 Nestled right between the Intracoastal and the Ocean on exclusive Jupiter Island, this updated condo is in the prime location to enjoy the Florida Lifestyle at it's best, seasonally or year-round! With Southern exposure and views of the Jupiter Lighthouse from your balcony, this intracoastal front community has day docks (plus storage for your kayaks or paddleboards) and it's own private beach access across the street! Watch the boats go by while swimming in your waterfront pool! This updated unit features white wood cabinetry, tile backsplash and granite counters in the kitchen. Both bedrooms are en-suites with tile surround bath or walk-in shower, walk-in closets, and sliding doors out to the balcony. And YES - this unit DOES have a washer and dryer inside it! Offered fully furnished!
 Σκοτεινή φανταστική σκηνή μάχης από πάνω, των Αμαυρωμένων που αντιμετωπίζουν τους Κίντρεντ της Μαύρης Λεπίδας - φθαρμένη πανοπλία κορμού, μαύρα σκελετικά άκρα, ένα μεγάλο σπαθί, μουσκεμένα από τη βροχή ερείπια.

——————

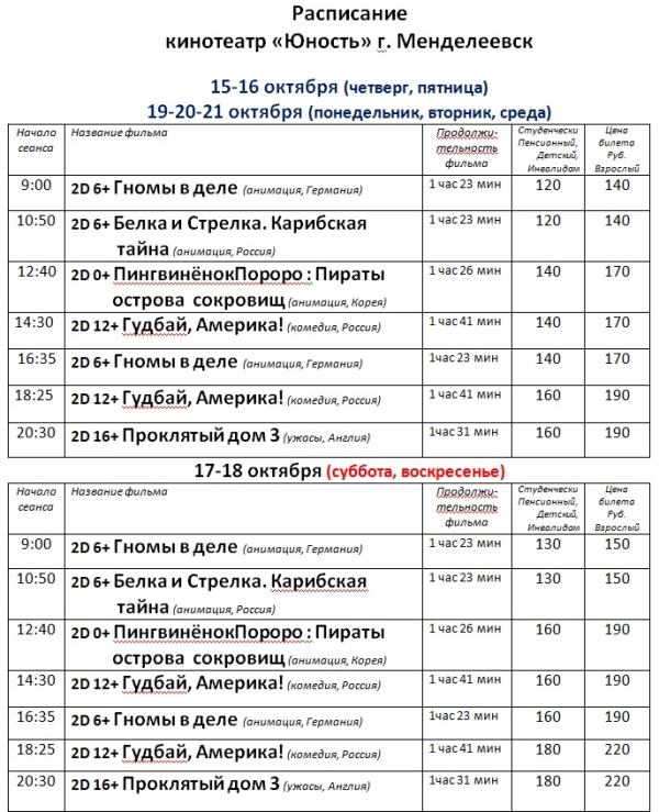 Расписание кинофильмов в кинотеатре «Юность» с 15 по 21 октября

——————

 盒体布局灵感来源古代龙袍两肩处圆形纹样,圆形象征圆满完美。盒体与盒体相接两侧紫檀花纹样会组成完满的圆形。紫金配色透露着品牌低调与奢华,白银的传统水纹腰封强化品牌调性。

——————

* [THE TASK] Will you return exactly the lines above from the one with "Nestled right between" down to the one with "Σκοτεινή φανταστική σκηνή", counting both as part of the range?

* [FINISHED EXERCISE]
 Nestled right between the Intracoastal and the Ocean on exclusive Jupiter Island, this updated condo is in the prime location to enjoy the Florida Lifestyle at it's best, seasonally or year-round! With Southern exposure and views of the Jupiter Lighthouse from your balcony, this intracoastal front community has day docks (plus storage for your kayaks or paddleboards) and it's own private beach access across the street! Watch the boats go by while swimming in your waterfront pool! This updated unit features white wood cabinetry, tile backsplash and granite counters in the kitchen. Both bedrooms are en-suites with tile surround bath or walk-in shower, walk-in closets, and sliding doors out to the balcony. And YES - this unit DOES have a washer and dryer inside it! Offered fully furnished!
 Σκοτεινή φανταστική σκηνή μάχης από πάνω, των Αμαυρωμένων που αντιμετωπίζουν τους Κίντρεντ της Μαύρης Λεπίδας - φθαρμένη πανοπλία κορμού, μαύρα σκελετικά άκρα, ένα μεγάλο σπαθί, μουσκεμένα από τη βροχή ερείπια.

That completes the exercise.